Social security: The risks from automation and economic insecurity for England’s social renters

Report

  • Future of Work
  • Economics and Finance
  • Housing
  • Public services
  • Technology

This research, carried out in partnership with Clarion Housing Group, seeks to understand how social renters experience economic security, their access to good work and how technological changes to workplaces might impact their futures.

We bring together quantitative data, qualitative insights and macro trend analysis to identify current barriers to economic security.

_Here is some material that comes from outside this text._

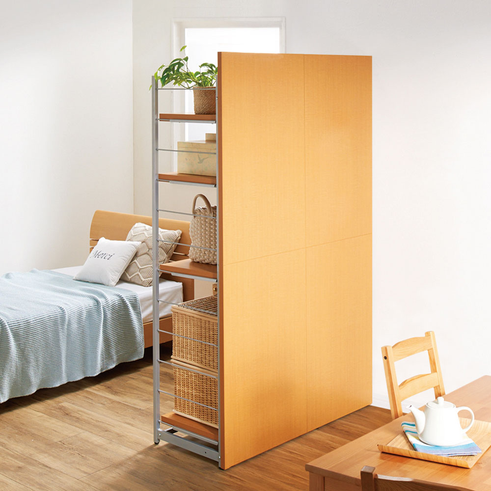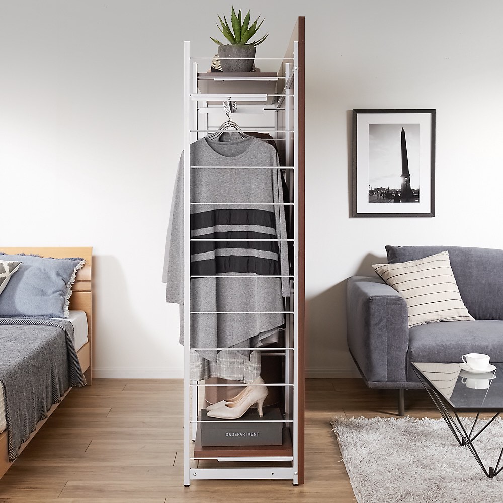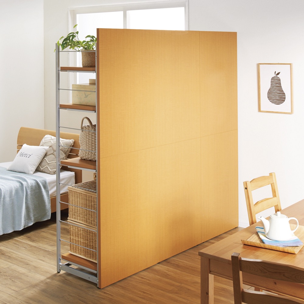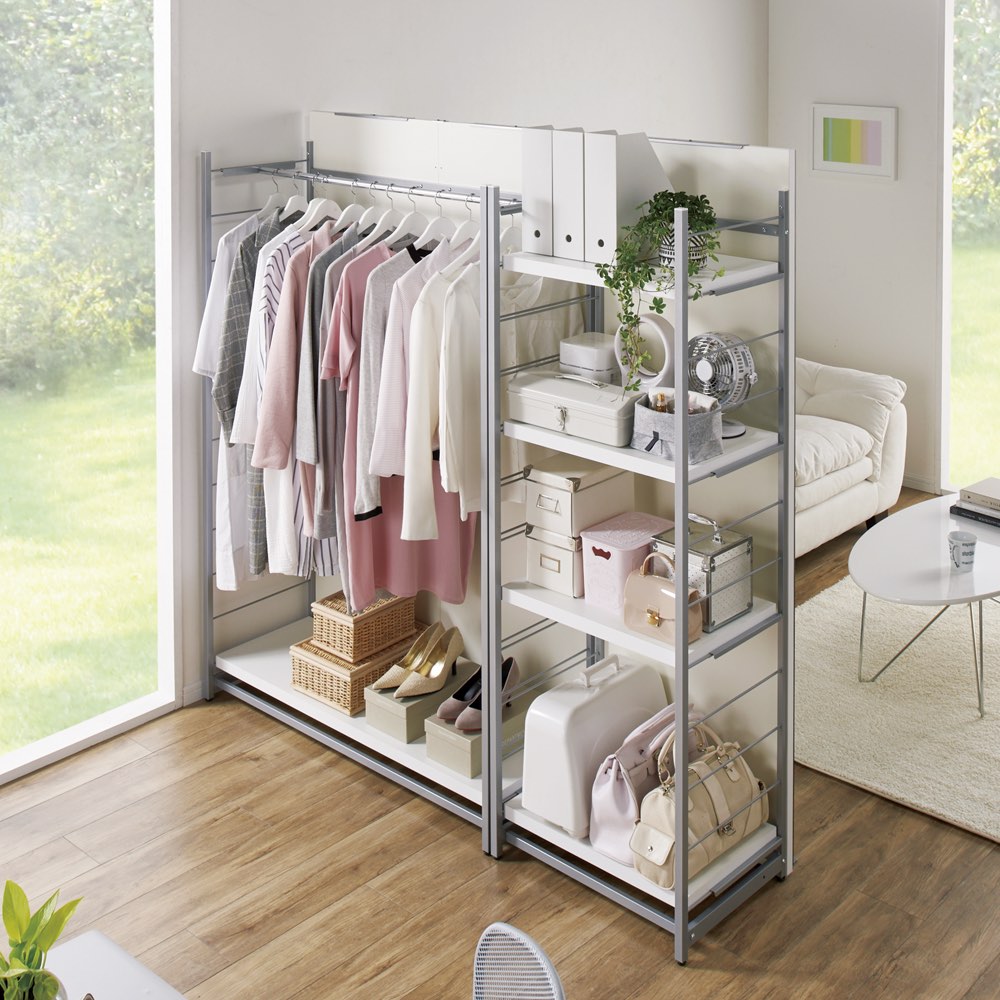本商品は「お手軽間仕切り パネル収納ハンガーラック 板タイプ 棚4枚 幅120cm」です。置くだけで手軽に空間を間仕切ることができるオシャレなハンガーラックシリーズ。圧迫感のないオープンタイプなので、コンパクトな空間にもおすすめ。衣類や雑貨を収納しながら、限られた空間を機能的に活用できます。間仕切りしながら収納できる、一台二役のハンガーラック空間を間仕切りしながら、大容量収納まで叶えてくれる間仕切り収納。寝室やリビングルームに置いても使いやすく、様になるクローゼットハンガーです。コーディネート例(幅60cm・ハンガー1段棚1枚タイプ、幅120cm・棚4枚タイプ)空間を機能的に活用できるベッドとリビング等1つの部屋でも間仕切りすることで、収納を増やしながら自由に空間の使い分けができます。収納面はオープンタイプなので、限られたスペースのお部屋に置いても圧迫感がありません。コーディネート例(幅120cm・棚4枚タイプ、幅60cm・ハンガー1段棚1枚タイプ)用途に合わせた収納スペースに棚4枚タイプは棚板が4枚ついています。本やバッグなどを置くことができます。簡単に高さ調整ができる可動棚サイドのフレームに引っかけるだけなので、収納物や使い勝手に応じた調整も簡単です。棚の高さは14cm間隔・12段階の調整が可能です。コーディネート例(幅60cm・棚1枚ハンガーバー1本タイプ、幅120cm・棚4枚タイプ)高さのあるパネルでしっかり目隠しパネルの高さは181cm。見られたくないスペースの目隠しや、プライベートな空間作りにも適しています。安心のアジャスター付きアジャスター付きでぐらつきを防ぎます。コーディネート例どんなお部屋にも合わせやすい、おしゃれな3カラーホワイトは清潔感があり圧迫感が少なく、お部屋を広く演出してくれます。ブラウンはどんなインテリアにも合わせやすい北欧テイストのデザインです。ダークブラウンは縦木目柄で、落ち着いた印象と高級感のある佇まいがあります。

We test the hypothesis that, by virtue of the allocations system and limited market, those living in social housing experience higher levels of economic insecurity, before exploring a shift in our social housing provision towards the needs of the individuals. Such a shift, in the context of wider systemic change, will enable our model of housing to actively support a move toward economic security for its residents.

We find:

  • Social renters have the lowest overall levels of subjective financial security: 41 percent of social renters experience low subjective financial security.
  • Social renters are more likely to have ‘affordable’ rents (less than 30 percent of income): 88 percent of social renters have affordable rents, compared to 79 percent of private renters.
  • The social renters we spoke to indicated that their home had given them the security and stability they needed often in times of critical personal need.
  • When employed, people in social housing are less likely to benefit from good work practices that support their economic and personal security: only 38 percent of social renters are in work which offers them an annual incremental pay increase, and three quarters (74 percent) never worked from home, even in the height of the pandemic.
  • Social renters are at greatest risk of trends in automation: 61 percent of working social renters are in high automation risk jobs, compared to a population average of 39 percent. Just 13 percent are in low-risk jobs, compared to an average of 34 percent.
  • Three quarters (74 percent) of social renters have a level 2 qualification or below.
  • Social renters in retail occupations are at the highest immediate risk from automation and technological disruption, having an already high automation risk, experience competition from an accelerated e-commerce sector, and already falling employment levels (considered a warning sign for technological disruption).
  • In total 1.1 million social renters are within our list of ‘10 most at risk jobs’.
  • Care work is automation resilient and a growing industry which employs many social renters. But the sector is known to have poor quality work.

In response to these findings, we make a series of recommendations towards a future where social housing is a route towards economic security amongst renters. Achieving each requires national and local government to work alongside housing providers and others involved in local service delivery to deliver system wide change around the needs of individuals, as well as wider structural shifts in the systems that surround us.